I think the UK is a great place to be right now, there is so much energy in the creative fields and it finally feels like recession is lifting. As a creative you’re familiar with not making a tonne of cash, but the last few years have been particularly hard and I’ve seen and experienced a lot of struggles through friends and in my own work. Thankfully it feels as though that cloud is thinning and seems to have shaped us as stronger designers; our education system encourages designers to create good product that does more than the average.

The UK seems to have a great mix of both creative and also technically innovative craftsmen, we are bold in our visions but I believe sensitive to what we create. Our designers have that spark of pushing boundaries in every way.

I think the scene in London is about what the city has to offer us and the fusion of many things in one place. In one day you can smell the moon, visit a dead house, spend an hour drawing in a room painted solely by Turner, admire the technical skills of the Victorian walrus, run around the Science museum dressed as a cockroach, see the stars or hang out with a Vangoth if you felt like it! It's the heritage and imagination all around London that inspires our creativity.

THEUNSEEN LTD

Lauren (far right) and THE UNSEEN team.

What is the importance of creativity and craft within your work?

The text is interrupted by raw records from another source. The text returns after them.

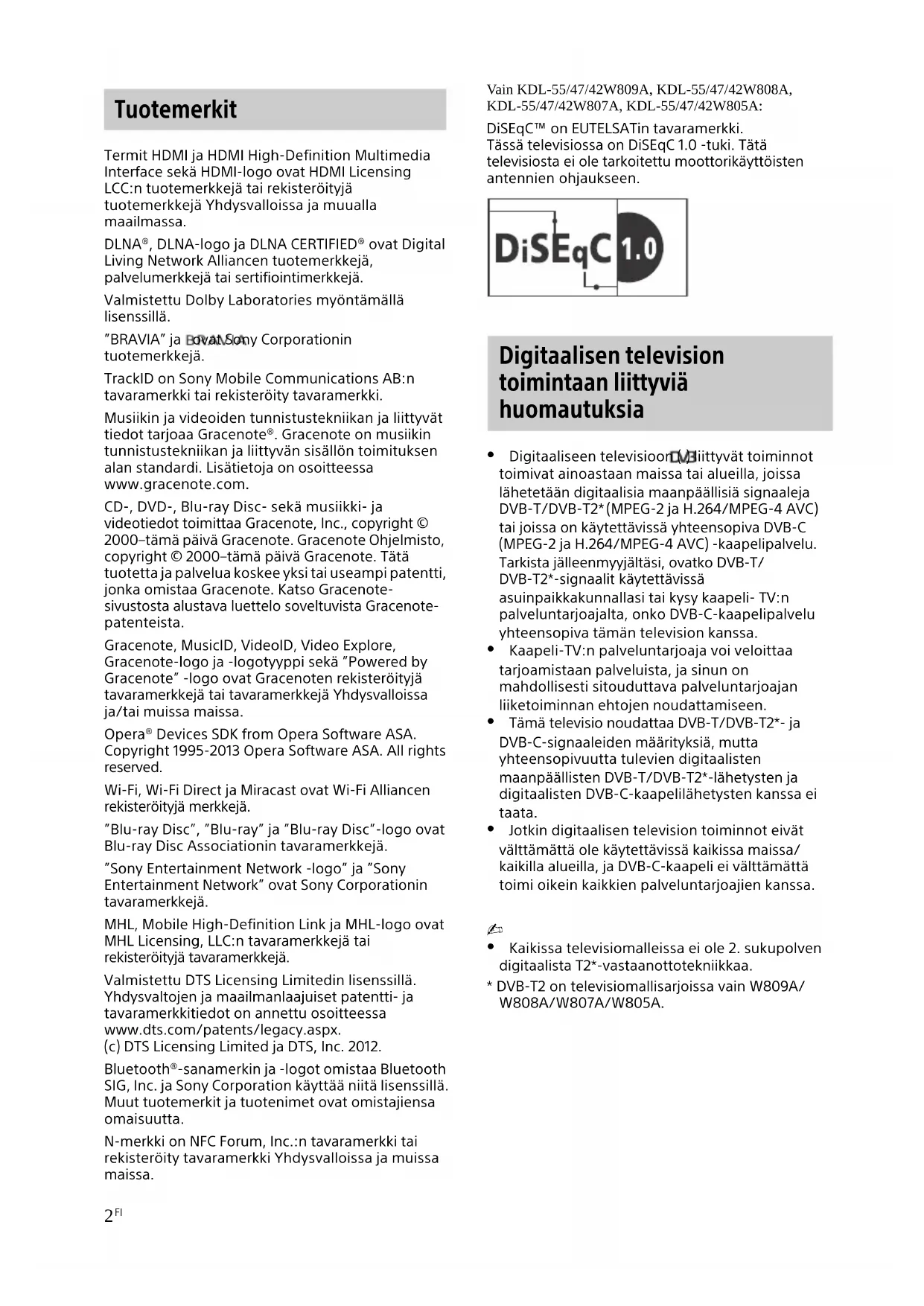 KÄYTTÖOHJE Bravia KDL42W808A SONY
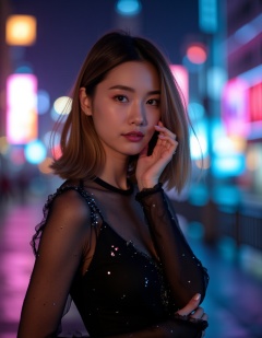 Photograph of a young woman with fair skin and shoulder-length brown hair, wearing a black, sheer, long-sleeve dress adorned with small, colorful sequins. She has a delicate, petite build and is standing outdoors at night, with a blurred cityscape featuring vibrant, colorful lights in the background. The woman's expression is calm and contemplative, her hand gently touching her face. The image is vibrant and has a dreamy, ethereal quality, enhanced by the soft bokeh effect of the city lights.
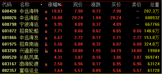 航运板块19日盘中拉升走高,截至收盘,中远海特、中远海能、宁波海运等涨停,招商轮船涨近8%,中远海发涨近7%。

Creativity is the key to what we do here at TheUnseen in every aspect, from concept to research, design, process and production; we try to innovate at every stage. I believe that creativity unlocks the solutions when combining technology with matter for the human.

As a young company based in the UK we are focused on the UK market, creating an appetite here for what we do, but ultimately I see TheUnseen as a global brand with a British iconic face that is current to today, using new tools and delivering ideas to audiences through art, performance and product.

Globally, I believe there is too much emphasis on electronics and computational type wearables within the market.  I've been invited to speak at SXSW and I hope my talk will inspire people to look deeper at the term “wearables” and to see the unseen in it.

Lauren was one of our 2014 British Council/ h Club 100 creative entrepreneurs of the year.  She will talk at SXSW on the Next Stage on March 16 2015 at 12.30pm.